More restrictive easements may hasten N.J. Shore dune agreements
Gov. Chris Christie has made it clear that wants a coastal protection system built along the entire Jersey Shore. But some beachfront property owners are still reluctant to grant easements for the projects.
Brick Township Mayor Steve Acropolis says more people are likely to sign the easements that now specify they're just for beach protection projects.
"So for the 50-year easement that you have, it's just for this project. People are concerned that, let's say 10 years from now, 20 years from now, it's a different governor, a different mayor, well now the town wants to put a boardwalk in, well you have an easement we can do that," Acropolis said. "That's been taken out of the easement."
Acropolis says the biggest impediment to getting people to sign the easements centers on just where the Army Corps of Engineers is going to put the dune line.
Once that's clarified, he said he expects more homeowners will give their approval.
Of the 150 easements needed in Brick to allow the shore restoration, only about half have been signed.
Mantoloking Mayor George Nebel also is urging homeowners to sign easements allowing for the shore protection projects.

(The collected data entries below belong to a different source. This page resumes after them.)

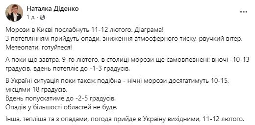Синоптик Наталія Діденко прогнозує, що морози в Києві ослабнуть уже цими вихідними 11-12 лютого. З потеплінням прийдуть опади, зниження атмосферного тиску, рвучкий вітер, пише вона.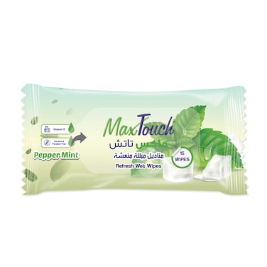 ماكس تاتش مناديل مبللة منعشة - 15 منديل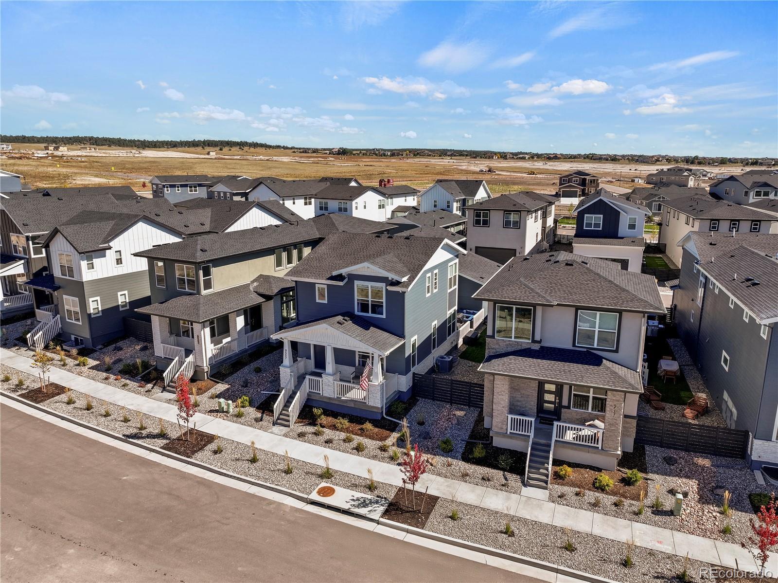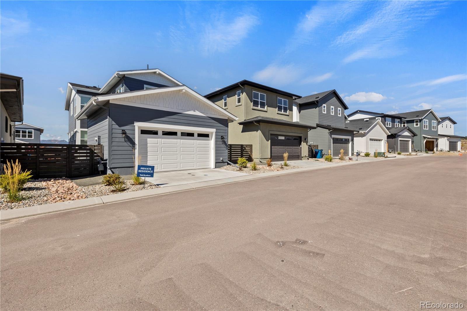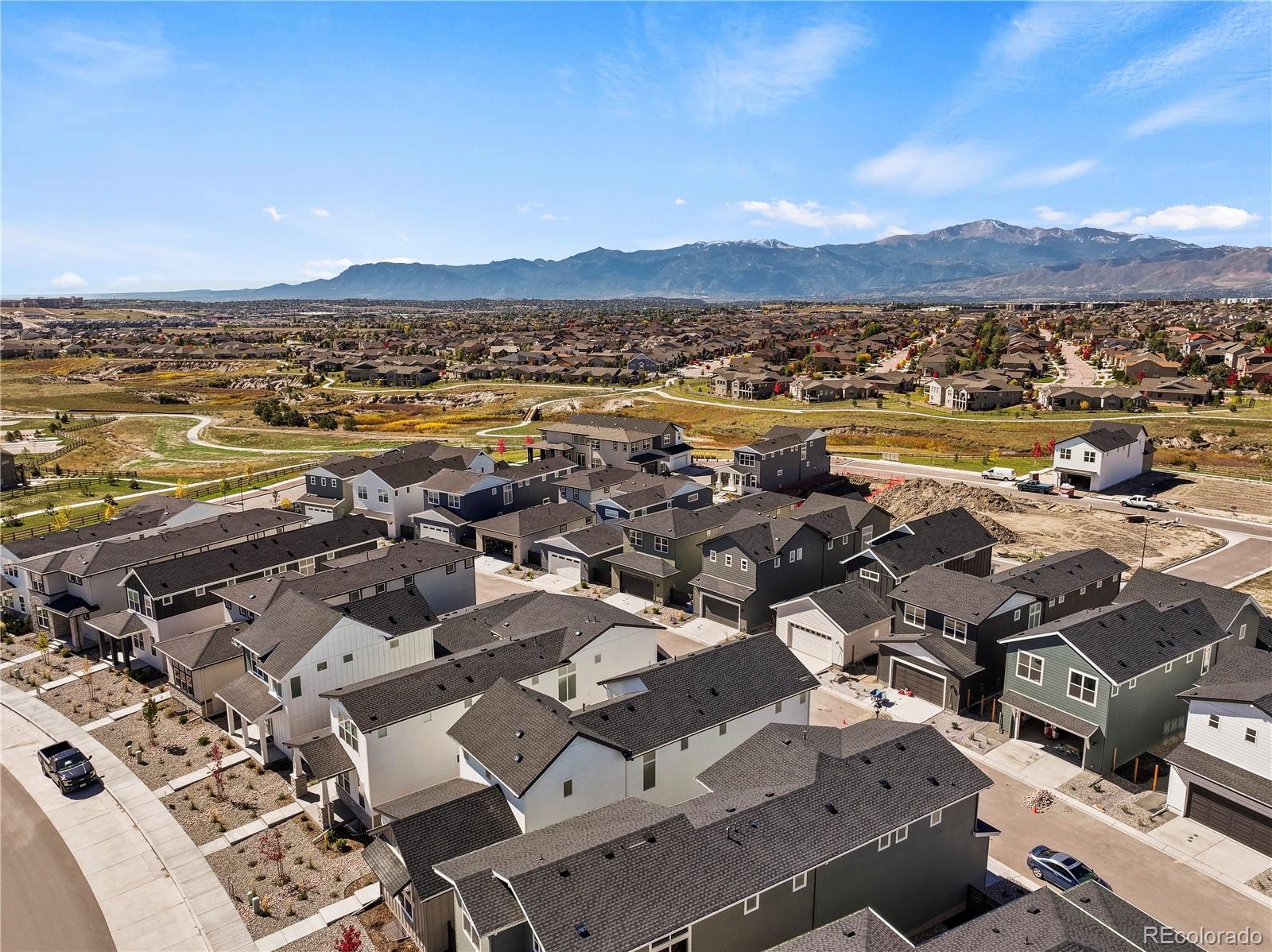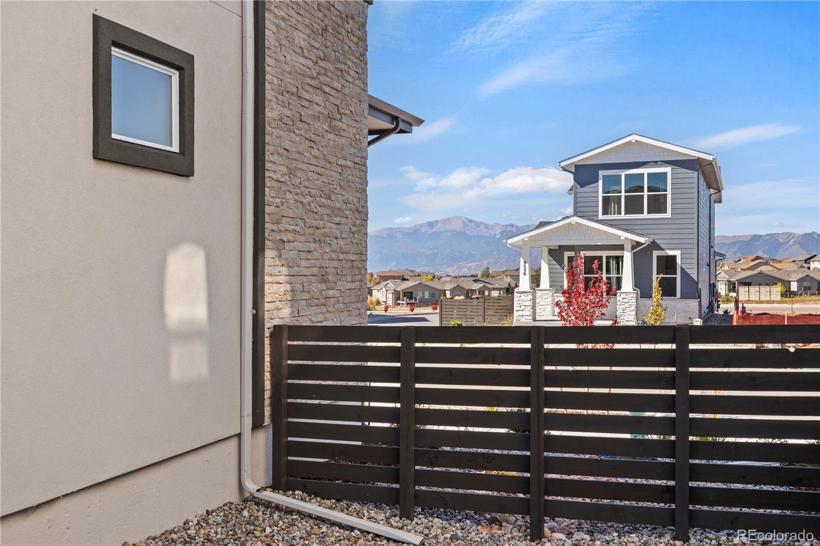 This spacious home seamlessly blends comfort and sophistication in a thoughtfully designed two-story floor plan. A welcoming foyer opens into a spacious great room with electric fireplace & included 85" TV, ideal for both everyday living and entertaining. The chef-inspired kitchen offers a generous island with breakfast bar, top of the line Kitchen-Aid & LG stainless steel appliances, a walk-in pantry, abundant cabinetry, and direct access to a private patio for seamless indoor-outdoor living. The upper level contains the primary suite with a walk-in closet and a spa-style bath featuring dual vanities, a luxe shower with seat & dual shower heads. Two additional bedrooms—one with its own walk-in closet—share a well-appointed full bath with separate vanity area. The unfinished basement with rough-in bath provides additional space for an additional bedroom and entertainment area. The oversized garage is fully drywalled and insulated. Ample outdoor living space with the spacious patio & a fenced backyard with low maintenance turf. Additional highlights include a first-floor powder bathroom, convenient upper level laundry w/ sink, dual zone HVAC system, custom window coverings, & Pikes Peak views from the primary suite, living room, & covered front porch.

"We tried to get the beach renourished here in 2007. We had a major campaign. We had over half the oceanfront owners signing easements, not near enough," he said. "Had we done it then, we wouldn't have this situation now ... Sandy proved that we must replenish the beach."
Nebel says only 13 of the 128 owners of oceanfront property in Mantoloking have not granted easements, and he's hoping the holdouts will come around in the next few weeks.
Christie has vowed the Shore protection work will proceed with, or without, the homeowners' approval.